The cache is useful for storing session keys or connection objects for backends that access a network service.

Each Puppet::LookupContext cache lasts for the duration of the current catalog compilation. A node can’t access values cached for a previous node.

Hiera creates a separate cache for each combination of inputs for a function call, including inputs like name that are configured in hiera.yaml but not passed to the function.
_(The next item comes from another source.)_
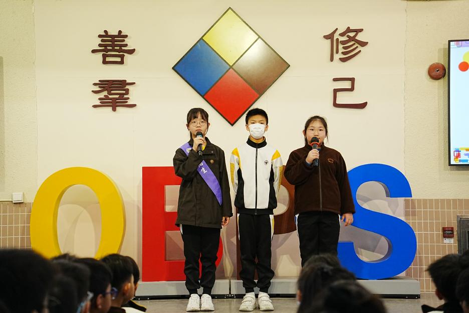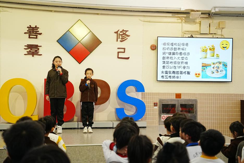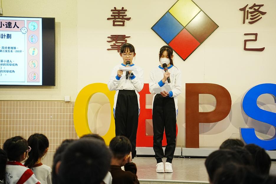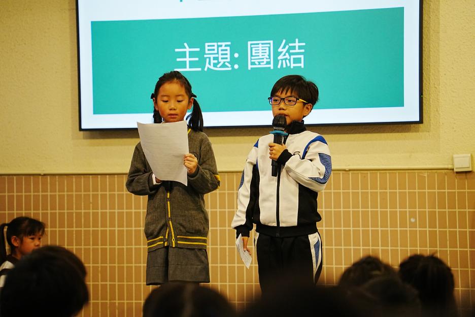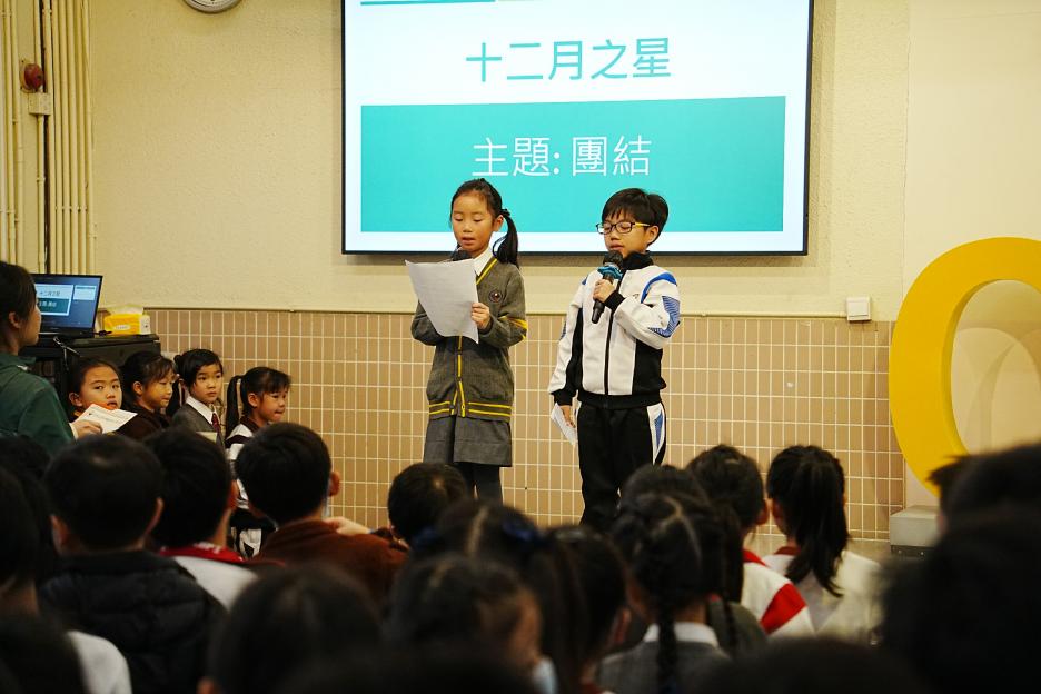 今天是普通話早會。首先有每月之星的頒獎,這次的主題是團結,恭喜各位團結之星,欣賞他們努力為群體貢獻,尊重群體的福祉。再來是數學科-速算達人(上學期)的頒獎,最後是人文科攤位活動的宣傳。
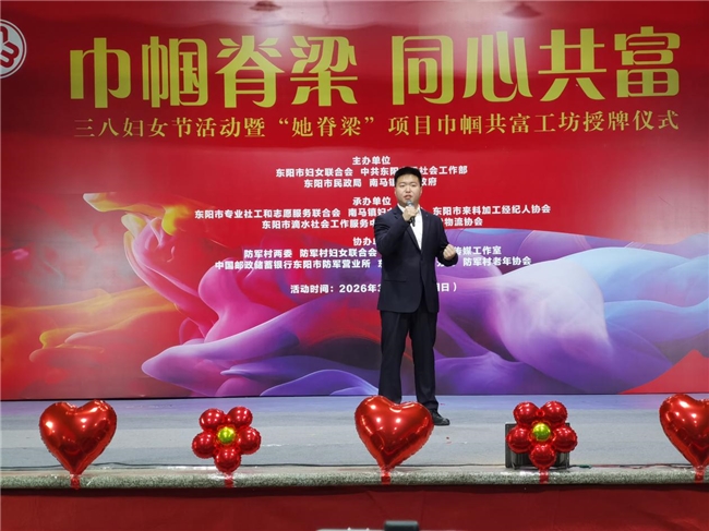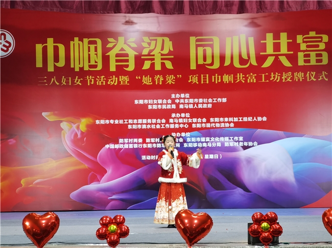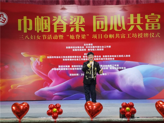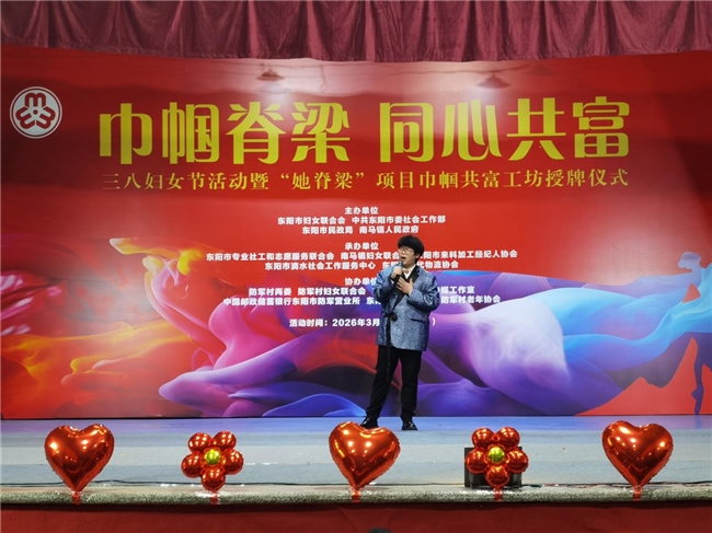 3月8日晚,“巾帼脊梁 同心共富”三八妇女节活动暨“她脊梁”项目巾帼共富工坊授牌仪式在东阳市南马镇防军村文化礼堂圆满举行。本场活动由东阳市妇女联合会、中共东阳市委社会工作部、东阳市民政局、南马镇人民政府联合主办,以文艺赋能共富、以歌声传递温暖。东阳市勒荣多吉原创音乐工作室精心推选4位优秀学员亮相公益舞台,四首作品风格鲜明、情感真挚,成为整场晚会最动人、最亮眼的风景,赢得全场领导与观众高度赞誉。

Each hierarchy level has its own cache, and hierarchy levels that use multiple paths have a separate cache for each path.

If any inputs to a function change, for example, a path interpolates a local variable whose value changes between lookups, Hiera uses a fresh cache.

cache_all(hash)

Caches all the key-value pairs from a given hash. Returns undef (in Puppet) or nil (in Ruby).

cached_value(key)

Returns a previously cached value from the per-data-source private cache. Returns undef or nil if no value with this name has been cached.

cache_has_key(key)

Checks whether the cache has a value for a given key yet. Returns true or false.

cached_entries()

Returns everything in the per-data-source cache as an iterable object. The returned object is not a hash. If you want a hash, use Hash($context.all_cached()) in the Puppet language or Hash[context.all_cached()] in Ruby.

cached_file_data(path)

Puppet syntax:

cached_file_data(path) |content| { ... }

Ruby syntax:

cached_file_data(path) {|content| ...}

For best performance, use this method to read files in Hiera backends.
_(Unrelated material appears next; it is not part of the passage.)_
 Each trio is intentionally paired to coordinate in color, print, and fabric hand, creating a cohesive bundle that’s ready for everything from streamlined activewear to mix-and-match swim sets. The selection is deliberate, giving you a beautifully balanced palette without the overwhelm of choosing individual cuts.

cached_file_data(path) {|content| ...} returns the content of the specified file as a string. If an optional block is provided, it passes the content to the block and returns the block’s return value. For example, the built-in JSON backend uses a block to parse JSON and return a hash:
context.cached_file_data(path) do |content|
      begin
        JSON.parse(content)
      rescue JSON::ParserError => ex
        # Filename not included in message, so we add it here.
        raise Puppet::DataBinding::LookupError, "Unable to parse (#{path}): #{ex.message}"
      end
    end

On repeated access to a given file, Hiera checks whether the file has changed on disk. If it hasn’t, Hiera uses cached data instead of reading and parsing the file again.

This method does not use the same per-data-source caches as cache(key, value) and similar methods. It uses a separate cache that lasts across multiple catalog compilations, and is tied to Puppet Server’s environment cache.

Because the cache can outlive a given node’s catalog compilation, do not do any node-specific pre-processing (like calling context.interpolate) in this method’s block.

explain() { ‘message’ }

Puppet syntax:

explain() || { 'message' }

Ruby syntax:

explain() { 'message' }

In both Puppet and Ruby, the provided block must take zero arguments.

explain() { 'message' } adds a message, which appears in debug messages or when using puppet lookup --explain. The block provided to this function must return a string.

The explain method is useful for complex lookups where a function tries several different things before arriving at the value. The built-in backends do not use the explain method, and they still have relatively verbose explanations. This method is for when you need to provide even more detail.

Hiera never executes the explain block unless explain is enabled.